On 02.12.2010 12:31, Heikki Linnakangas wrote:
> On 02.12.2010 13:25, Simon Riggs wrote:
>> On Thu, 2010-12-02 at 12:41 +0200, Heikki Linnakangas wrote:
>>> On 02.12.2010 11:02, Simon Riggs wrote:
>>>> The cause of the issue is that replay starts at one LSN and there is a
>>>> delay until the RunningXacts WAL record occurs. If there was no delay,
>>>> there would be no issue at all. In CreateCheckpoint() we start by
>>>> grabbing the WAInsertLock and later recording that pointer as part of
>>>> the checkpoint record. My proposal is to replace the "grab the lock"

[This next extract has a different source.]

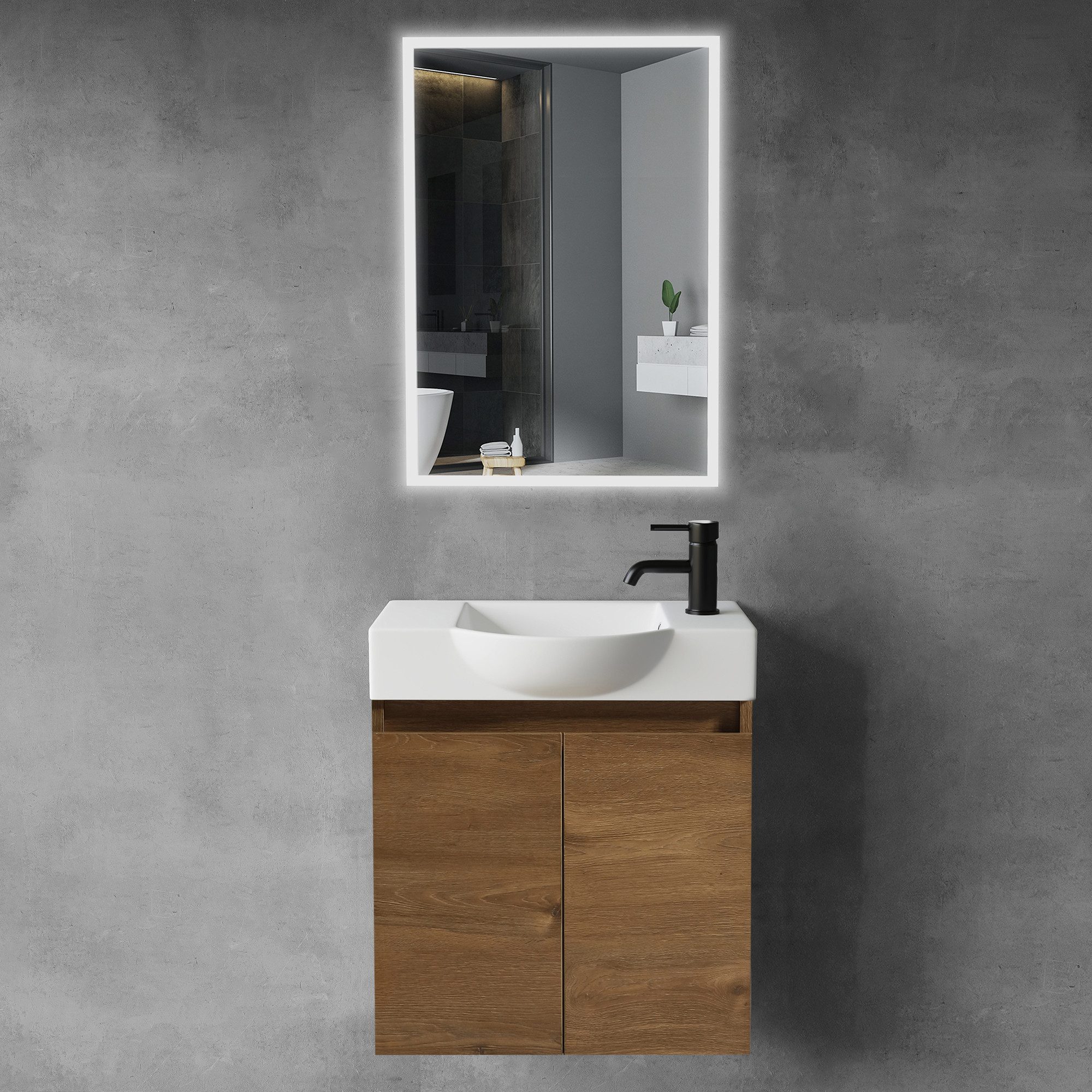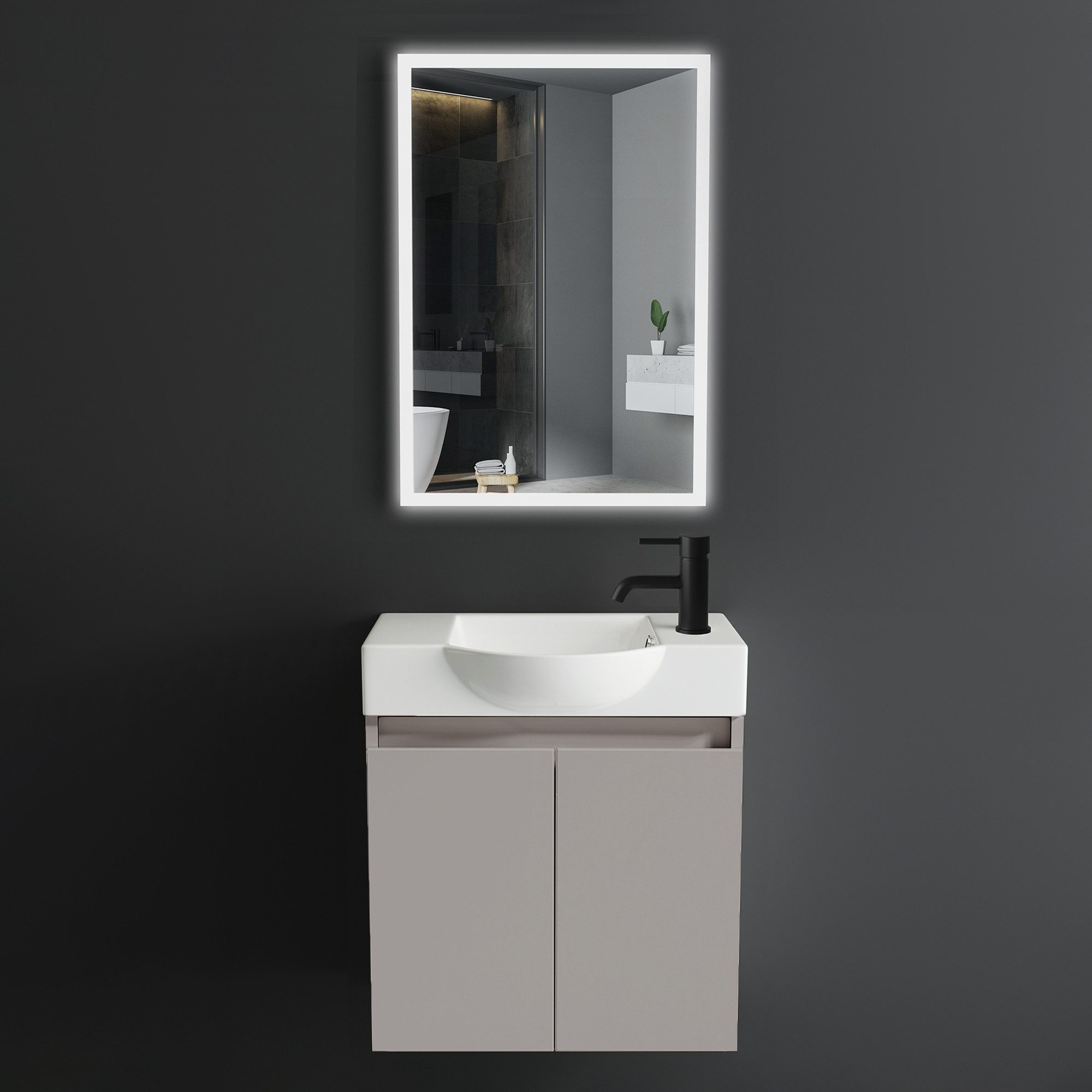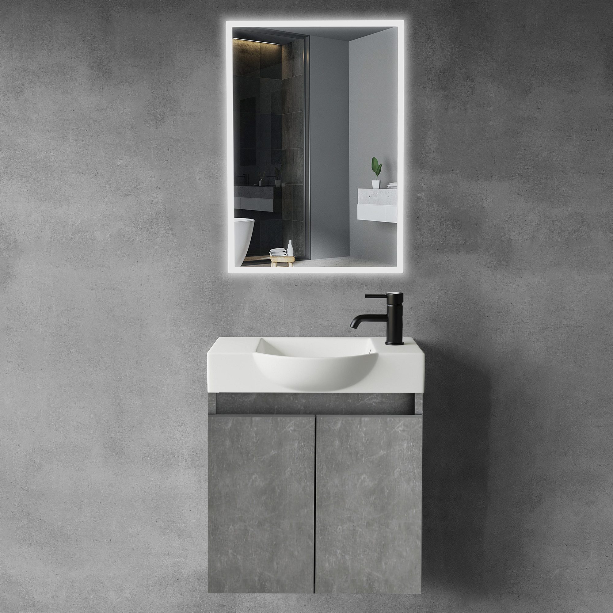 Das Alpenberger Badmöbel Set mit Waschbecken und Spiegel präsentiert sich als elegante Lösung für stilvolle Bäder.

>>>> code with the insert of the RunningXacts WAL record (when wal_level
>>>> set), so that recovery always starts with that record type.
>>>
>>> Oh, interesting idea. But AFAICS closing the gap between acquiring the
>>> running-xacts snapshot and writing it to the log is sufficient, I don't
>>> see what moving the running-xacts record buys us. Does it allow some
>>> further simplifications somewhere?
>>
>> Your patch is quite long and you do a lot more than just alter the
>> locking. I don't think we need those changes at all and especially would
>> not wish to backpatch that.
>
> Most of the changes to procarray.c were about removing code that's no
> longer necessary when we close the gap between acquiring and writing the
> running-xacts WAL record. You can leave it as it is as a historical
> curiosity, but I'd prefer to simplify it, given that we now know that it
> doesn't actually work correctly if the gap is not closed.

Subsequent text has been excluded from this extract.